2019 Columbia River Basin Salmon and Steelhead Runs Should Be Better Than 2018, Agencies Predict
- March 15, 2019
- John Harrison
Twice as many salmon and steelhead are predicted to return to the Columbia River Basin in 2019 as returned last year, Washington, Oregon, and Idaho state fish biologists reported at the Council’s March meeting. The prediction for this year is 1.3 million fish entering the Columbia River to begin the upriver journey to spawn; last year the total return was 665,000.
While that is an improvement, it is fewer than the current 10-year average of 2.21 million fish, said Dan Rawding, Columbia River policy and science coordinator for the Washington Department of Fish and Wildlife. He noted the average for the decade of the 1980s was 1.5 million, for the 1990s 988,000, and for the 2000s 2 million. The upriver component (above Bonneville Dam) of the total salmon and steelhead run is forecasted at 968,000 fish this year compared to 619,400 in 2018.
Forecasting fish returns is a bit like forecasting the weather months in advance. Fish biologists collect information on smolt migrations in previous years, ocean conditions, and returns in recent years then make educated guesses. Harvest seasons are set based on the predictions then adjusted as the fish return. In 2018 fishery managers met 28 times to adjust fisheries, with the goal of balancing conservation of the salmon and steelhead runs with providing fishing opportunities, Rawding said.
Coho are the reason for the large increase in estimated total returns in 2019. A change in ocean conditions appears to favor coho this year. As well, ocean and in-river harvest of coho has been declining since 2005. So the optimistic forecast for the 2019 coho return this fall is for 726,000 fish entering the mouth of the river. The 2018 forecast was for 286,200 coho, and the actual return was 147,300.
Here is a look at some of the forecasts for 2019 (all of the forecasts can be viewed in the agencies’ presentations for salmon and steelhead returns to the Columbia and the Snake on the Council’s website):
Upriver (above Bonneville Dam) Columbia Spring Chinook: The 2019 forecast is 99,300; the 2018 forecast was 166,700 and the actual return was 115,000. The upper Columbia part of the run, a federal endangered species, is estimated at 11,200 total (2,100 wild); the 2018 return was 12,844 (1,977 wild). The upriver run has experienced low returns for years.
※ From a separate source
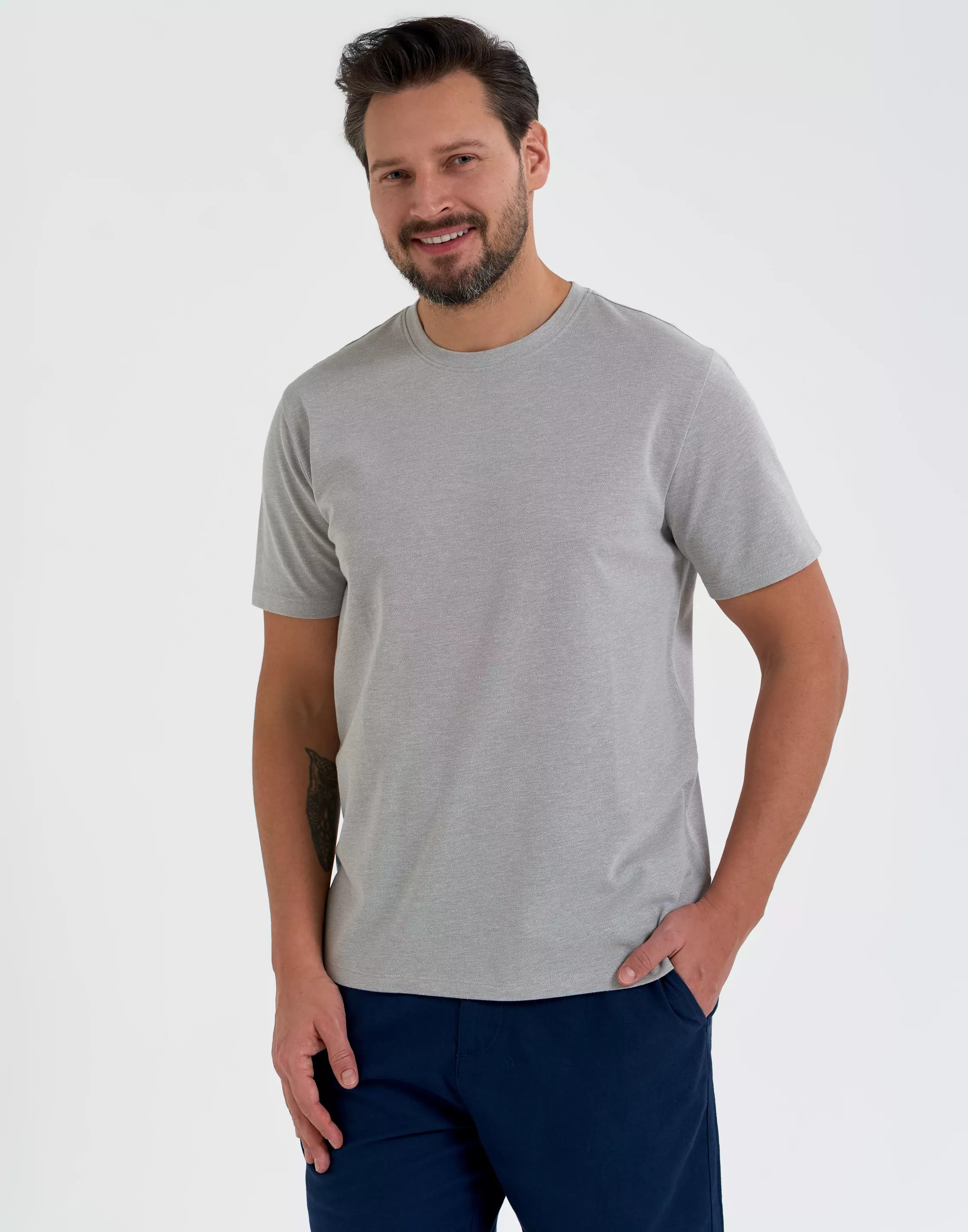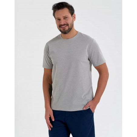 Švelni, melange tipo spalva suteikia marškinėliams subtilumo ir modernumo, todėl juos lengva derinti su džinsais, šortais ar sportine apranga.

Columbia River Fall Chinook: The 2019 forecast for the total return is 340,400; the upriver component is 261,100. The total 2018 return was 291,100 fish (214,000 upriver). On average, the upriver fish (above Bonneville) have represented about 80 percent of the total return.
Columbia River chum salmon: the 2019 forecast is 10,000 fish. While the fish historically ranged as far inland as The Dalles, today nearly all chum spawn downstream of Bonneville Dam. Run sizes vary year to year and have ranged from 5,000 to about 40,000.
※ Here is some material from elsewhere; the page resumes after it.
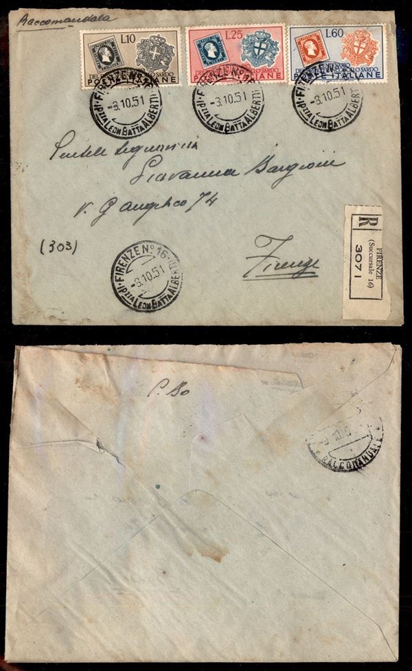Centenario Sardegna (672/674) - serie completa su raccomandata per cittą - Firenze 8.10.51

Sockeye: The 2019 forecast is 94,400 fish; the 2018 return was 99,000. Most of the Columbia River run spawns in the Okanagon and Wenatchee river basins, but there is a very small component of Snake River sockeye, an endangered species. The forecast for those fish in 2019 is 43 natural-origin, compared to 36 last year, and 86 hatchery fish, compared to 240 last year. Fish raised at the new sockeye hatchery in Springfield, Idaho, should help boost adult returns in future years.
Snake River fall Chinook (combined natural-origin and hatchery): 10,016 hatchery and 5,435 natural-origin fish. Those numbers are close to the 2018 returns.
Willamette spring Chinook: The forecast is for 42,490 fish in 2019, compared to a total return of 39,660 and a forecast of 55,950 in 2018.
Meanwhile, rapidly changing conditions in the ocean environment have made forecasting salmon and steelhead returns even more difficult. Brian Burke, an ocean scientist with NOAA Fisheries in Seattle, said some aspects of the ocean ecosystem appear to be back to normal, but others are still changing. In response to the variability – from warmer than normal to cooler than normal in the course of a couple years recently, with the current trend toward cooling -- he said, “my new answer is the ocean is still changing; we are seeing more variability, and ‘typical’ and ‘normal’ conditions are difficult to define.”